I imagine this could work in much the same way as the std::collections::HashSet (in that is uses open addressing) and have the "link" store the index of the bucket an item belongs to.

What is the advantage over just using a std::collections::HashSet directly?

Well, it would be a HashMap if not using an intrusive data structure.

Two benefits:

  1. Speed: the hashing process is slow, particularly when using the default hasher. Storing the bucket index means the actual lookup process is completely free.
  2. Space: sometimes you are using a large key. With a HashMap, that key needs to be stored twice: once in the map itself, and once outside the map/in your intrusive data structure to allow efficiently removing the item from the map.

Also, large keys slow down the hashing process even further.

I mean, wouldn't this be exactly the same as HashSet<Box<Object>>?

  1. I don't understand what you mean by this. If you already have a reference to an object then why would you need to look it up?
  2. I think that what you really want here is a better HashSet where you can customize how the key is extracted from a value.

Maybe a small code example here could help make things clearer.

You can get some of the way there by using a custom newtype around an Rc<Object>. However you still can't remove from a HashSet by reference - it has to go through the rigmarole of extracting the key from the object, hashing the key, finding the key in the set based on the hash and the key value, and only then removing it.

With an intrusive hash set, it doesn't have to do any of that: the link can directly store the bucket index, and removing the element can be done safely without having to use the key at all.
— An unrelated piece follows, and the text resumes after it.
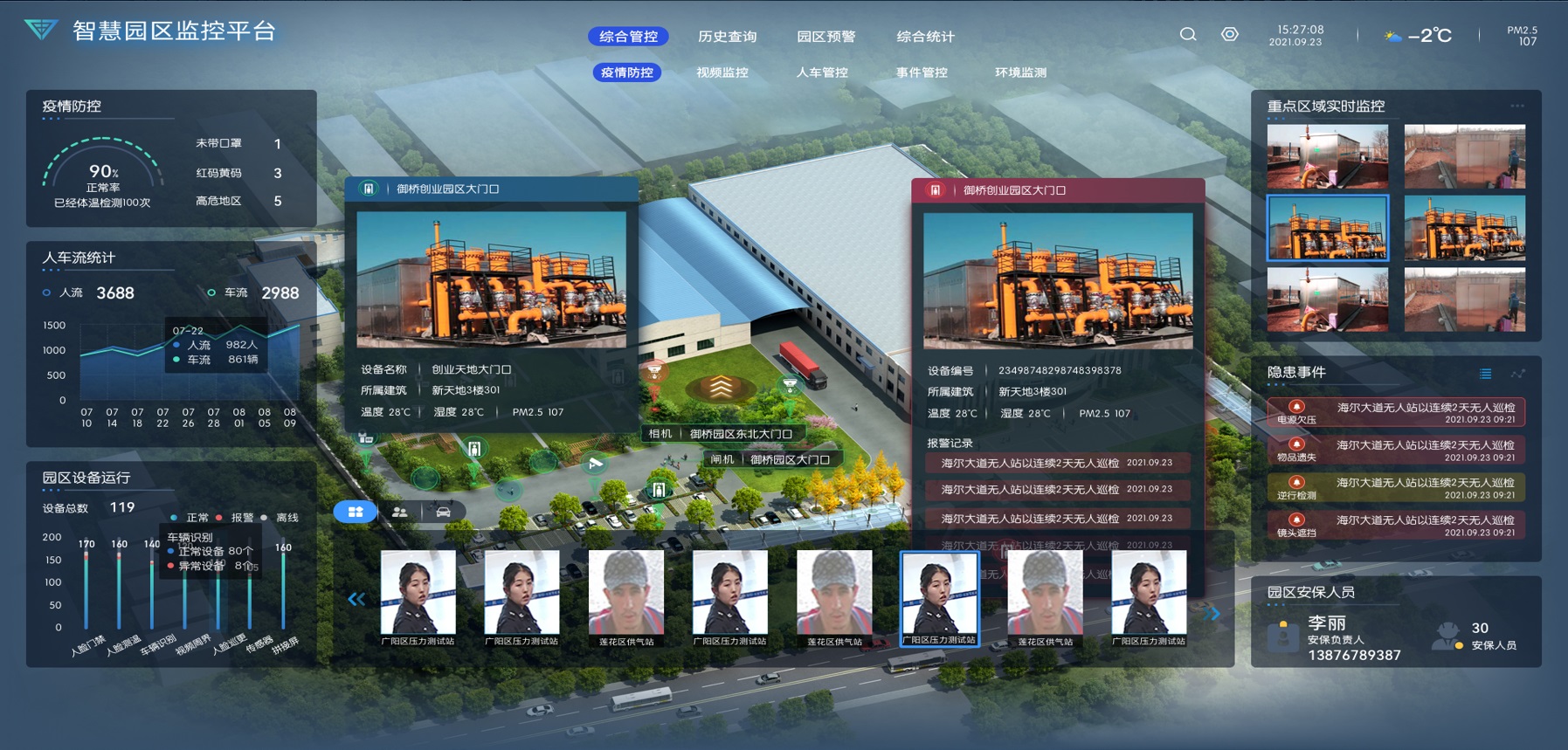 通过生物识别、人员及车辆识别、人群智能分析,驱动安防应用前端化、云端化、平台化、行业化,利用物联网技术,把感知设施和智能设备嵌入到各种环境监控对象中,通过服务器、云平台、物联网进行有效整合,实现园区不同环境业务系统整合,服务环境管理、决策智能的精细化、动态化。

As an example, I may have an Object struct that has a position (x, y), and an ID. With an intrusive hash set, I can keep two sets:

objects_by_id: IntrusiveHashSet<IdAdapter>,
objects_by_pos: IntrusiveHashSet<PosAdapter>,

Now I can create and delete objects, and it's easy to update both sets in the process. If I am indexing more properties, then removing objects gets very slow, as I have to hash many different properties of the same object, and not all of those keys may even be cheap to compute.

I personally don't think that simply caching the bucket index is worth the complexity of implementing yet another hash table. The cost of looking up an item in the map is generally dwarfed by that of removing an element anyways.

As a side note, I just release a new hash table implementation which much faster than the standard library one. You might want to use it if you feel the standard HashMap is too slow.

The cost of looking up an item in the map is generally dwarfed by that of removing an element anyways.

I'm not sure that's true? There might be the occasional degenerate case where you have to do a lot of back-shifting of later elements or resize the hash table, but hashing the key is also costly, especially with SipHasher.

Ideally it would be possible to share or reuse a base hash table implementation, but even if you think that using a standard HashMap or your hashbrown library is preferable, the ability to use a hashtable in the same way as the other intrusive collections would be much more convenient. Maybe you could consider adding an "intrusive hash table" that still looks up elements by the key, but is more convenient to use than a HashSet<NewType<Rc<Foo>>>, and at least leaves open the possibility of providing a faster implementation in the future (such as by caching what bucket an item is in).

I think what you really want here is a way to customize hash tables with a way to extract a key, sort of like what KeyAdapter does.